La cosa veramente sgradevole e ingiusta è che successivamente gli articoli che scagionano queste persone, vengono relegati in uno spazio volutamente ridotto e nascosto. Mentre la cosa da fare dovrebbe essere altrettanti articoli, trasmissioni e enfasi sulla loro innocenza e le loro ragioni o se non altro sul fatto che si è fatto molto, troppo rumore per nulla.
A una più attenta lettura si può dedurre che ci sono funzionari coraggiosi ed onesti che a volte mettono il dito in un vespaio e le vespe non aprezzano.

Fortunatamente però ci sono ancora giornalisti coraggiosi che fanno il loro lavoro e alla fine si viene a conoscere l’esito e l’evoluzione di molte questioni che i media tradizionali si dimenticano di evidenziare.
Caso Genchi, dal suo sito, che riporta anche la sentenza:

Il Tribunale del Riesame di Roma (Presidente Francesco Taurisano – a latere Anna Criscuolo) ha annullato il provvedimento di sequestro nei miei confronti della Procura della Repubblica di Roma, eseguito dal ROS lo scorso 13 marzo 2009. Ho sempre avuto fiducia nella Giustizia e nelle Istituzioni dello Stato. Mi sono difeso nel processo da accuse infamanti, ordite da chi ha cercato e sta cercando in tutti i modi di colpirmi per quello che è stato il mio impegno al servizio della Giustizia, nell’esclusivo interesse di ricerca e di affermazione della Verità.

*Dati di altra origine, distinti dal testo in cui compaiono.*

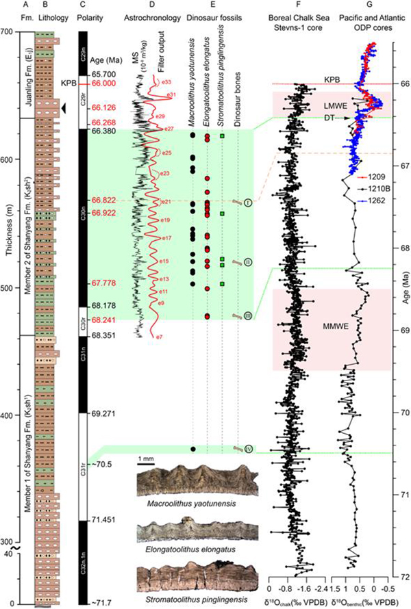 图2 图中表示的是山阳盆地的岩性柱(A和B)、磁极性序列(C),天文调谐结果(D)、恐龙化石分布(E)以及海洋氧同位素记录在白垩纪末期的变化(F和G),指示盆地内的恐龙在其灭绝前的200万年间多样性很低,且古气候、尤其是温度的变化对恐龙的多样性有着重要的影响 (作者 供图)
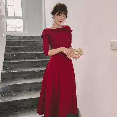 Toast clothing can usually wear 2021 new bridal wine red engagement dress cover arm female summer dress
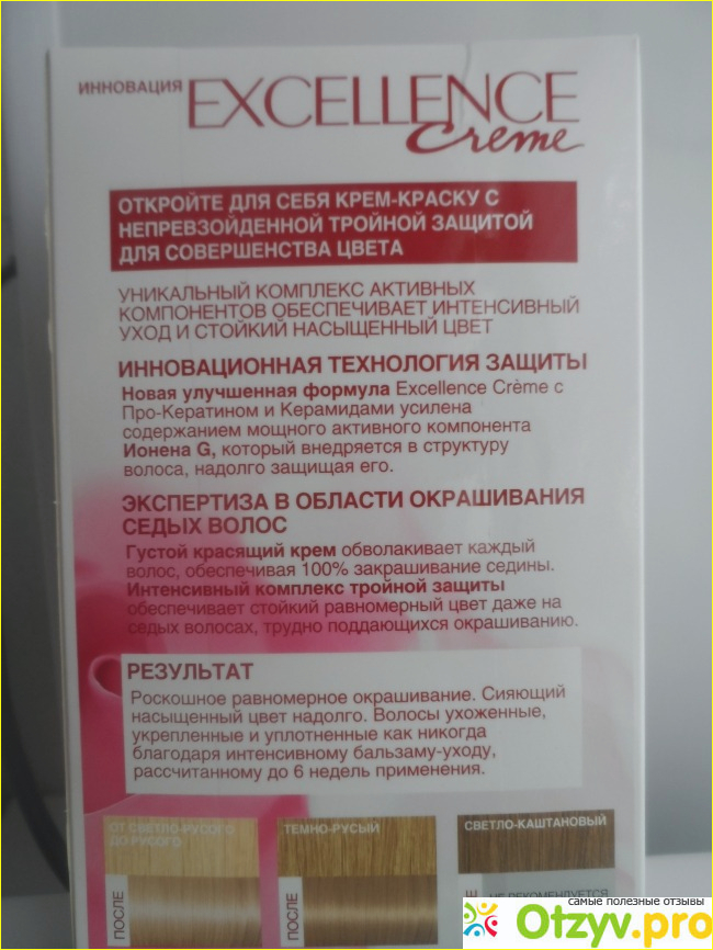 И вот где то лет пять назад, попробовала стойкую крем краску ЭКСЕЛЛАНС от Лореаль, удачно, с первого раза подобрала подходящий оттенок, люблю только тёплые блонды.
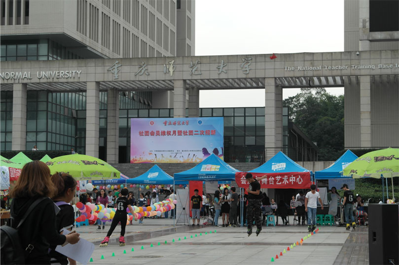 放眼望去,图书馆广场满是人潮,各种社团活动及招新方式让人眼花缭乱。不少同学早已包围场地,沉醉其中。广场中央用气球围绕成一个小型舞台,灵活的身姿在清风中飞舞,伴之以观众的掌声,街舞社成为一道靓丽的风景线。圆滚的滑轮在地上留下条条滑痕,十来个人穿上轮滑鞋,Flyer轮滑社成员轮番展示各种炫酷技巧。而围绕着广场的小舞台分布着各式各样的社团。现场摆放宣传海报,制作小视频,发放小礼物……社团招新方式多姿多彩!创业协会、粤语协会、外语协会、辩论协会、播音联盟协会等各协会厉兵秣马,解答会员维权相关问题并积极进行二次招新。

Peccato che però per qualche strana ragione il materiale sequestrato, di grande importanza e probabilmente scottante per molti individui, non è ancora stato restituito a Genchi, il quale ha chiesto anche l’intervento del Presidente della Repubblica, sempre dal suo blog che potete consultare:

Nel silenzio più assoluto delle Istituzioni dello Stato preposte al controllo di legalità dei magistrati, ritengo doveroso pubblicare la diffida che il 23 aprile 2009 il mio legale, l’avv. Fabio Repici, ha inviato al Procuratore della Repubblica di Roma Giovanni Ferrara ed ai Procuratori Aggiunti Nello Rossi e Achille Toro che, con il Sostituto Procuratore Andrea De Gasperis hanno inopinatamente rifiutato la restituzione dei reperti informatici e dei dati sequestrati illegittimamente dal ROS presso il mio studio il 13 marzo 2009, a seguito di una perquisizione e di un sequestro annullato in toto dal Tribunale del Riesame di Roma, con le ordinanze dell’8 aprile 2009.
Gioacchino Genchi

Clementina Forleo, dal blog uguale per tutti:

Il T.A.R. del Lazio, con sentenza n. 4454/09 dell’8/29 aprile 2009, ha dichiarato illegittimo e ha annullato il provvedimento del C.S.M. che ha trasferito Clementina Forleo dal suo ufficio di G.I.P. del Tribunale di Milano.

Luigi De Magistris, la famosa inchiesta Why Not è stata chiusa con il rinvio a giudizio di 98 persone su 106 che avevano ricevuto l’avviso di chiusura dell’inchiesta. Quindi, il suo indagare era più che lecito. Malgrado questo le pressioni politiche hanno influito sul CSM che è riuscito così nell’intento di spostare lui come la Forleo dalle rispettive indagini, il tutto certo a discapito della giustizia uguale per tutti.

Vi invito a leggere la parte finale dell’intervento di Travaglio a Passaparola, dove riporta queste notizie delle quali io ho trovato riscontro su messaggero, repubblica e altri blog.

In questo passaparola c’è un’altra cosa importante, il divorzio Berlusconi che lui stesso ha voluto tenere pubblico. In questa vicenda ci sono due questioni importanti e preoccupanti delle quali nessuno si sta occupando e che vengono messe in luce da Veronica Lario riferendosi a suo marito:
1) “è una persona che va trattata come una persona che non sta bene”
2) “non posso stare con uno che va con le minorenni”.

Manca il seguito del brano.